**Source material**
>>>>

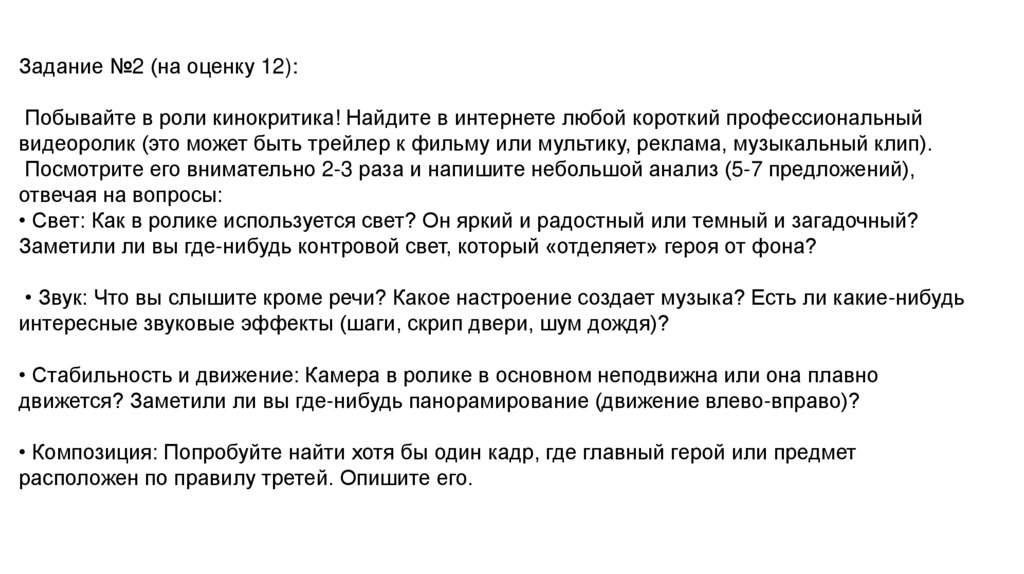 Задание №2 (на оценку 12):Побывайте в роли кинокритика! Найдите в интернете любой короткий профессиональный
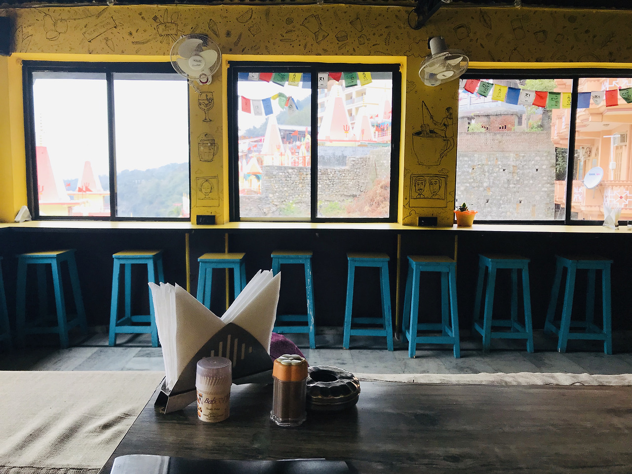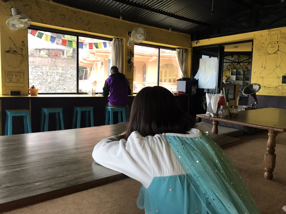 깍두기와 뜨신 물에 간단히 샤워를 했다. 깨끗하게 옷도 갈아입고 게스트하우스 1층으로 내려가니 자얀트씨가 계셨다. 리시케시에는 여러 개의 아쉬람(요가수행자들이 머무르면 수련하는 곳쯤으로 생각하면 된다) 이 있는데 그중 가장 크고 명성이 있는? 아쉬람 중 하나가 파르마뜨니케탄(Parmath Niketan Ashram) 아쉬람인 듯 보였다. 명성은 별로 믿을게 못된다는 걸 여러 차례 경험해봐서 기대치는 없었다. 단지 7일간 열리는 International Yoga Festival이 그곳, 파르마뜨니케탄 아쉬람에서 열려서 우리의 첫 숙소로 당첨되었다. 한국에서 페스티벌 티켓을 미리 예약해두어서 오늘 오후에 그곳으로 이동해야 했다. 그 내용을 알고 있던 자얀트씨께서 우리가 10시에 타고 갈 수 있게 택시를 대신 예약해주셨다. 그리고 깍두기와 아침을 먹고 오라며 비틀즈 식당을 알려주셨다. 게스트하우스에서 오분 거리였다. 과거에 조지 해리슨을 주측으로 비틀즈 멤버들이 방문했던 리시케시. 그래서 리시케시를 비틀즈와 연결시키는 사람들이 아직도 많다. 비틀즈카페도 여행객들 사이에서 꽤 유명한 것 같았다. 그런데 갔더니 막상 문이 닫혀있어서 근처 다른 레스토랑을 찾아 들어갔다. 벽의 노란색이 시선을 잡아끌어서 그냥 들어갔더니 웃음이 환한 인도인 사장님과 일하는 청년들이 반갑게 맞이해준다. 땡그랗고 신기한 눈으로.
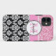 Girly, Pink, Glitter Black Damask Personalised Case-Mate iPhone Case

<<<<

**What to do**
Having located the line with "깍두기와 뜨신 물에 간단히", transcribe exactly and only the lines from it to the final line of the material, skipping the pictures.

**Response area**
 깍두기와 뜨신 물에 간단히 샤워를 했다. 깨끗하게 옷도 갈아입고 게스트하우스 1층으로 내려가니 자얀트씨가 계셨다. 리시케시에는 여러 개의 아쉬람(요가수행자들이 머무르면 수련하는 곳쯤으로 생각하면 된다) 이 있는데 그중 가장 크고 명성이 있는? 아쉬람 중 하나가 파르마뜨니케탄(Parmath Niketan Ashram) 아쉬람인 듯 보였다. 명성은 별로 믿을게 못된다는 걸 여러 차례 경험해봐서 기대치는 없었다. 단지 7일간 열리는 International Yoga Festival이 그곳, 파르마뜨니케탄 아쉬람에서 열려서 우리의 첫 숙소로 당첨되었다. 한국에서 페스티벌 티켓을 미리 예약해두어서 오늘 오후에 그곳으로 이동해야 했다. 그 내용을 알고 있던 자얀트씨께서 우리가 10시에 타고 갈 수 있게 택시를 대신 예약해주셨다. 그리고 깍두기와 아침을 먹고 오라며 비틀즈 식당을 알려주셨다. 게스트하우스에서 오분 거리였다. 과거에 조지 해리슨을 주측으로 비틀즈 멤버들이 방문했던 리시케시. 그래서 리시케시를 비틀즈와 연결시키는 사람들이 아직도 많다. 비틀즈카페도 여행객들 사이에서 꽤 유명한 것 같았다. 그런데 갔더니 막상 문이 닫혀있어서 근처 다른 레스토랑을 찾아 들어갔다. 벽의 노란색이 시선을 잡아끌어서 그냥 들어갔더니 웃음이 환한 인도인 사장님과 일하는 청년들이 반갑게 맞이해준다. 땡그랗고 신기한 눈으로.
 Girly, Pink, Glitter Black Damask Personalised Case-Mate iPhone Case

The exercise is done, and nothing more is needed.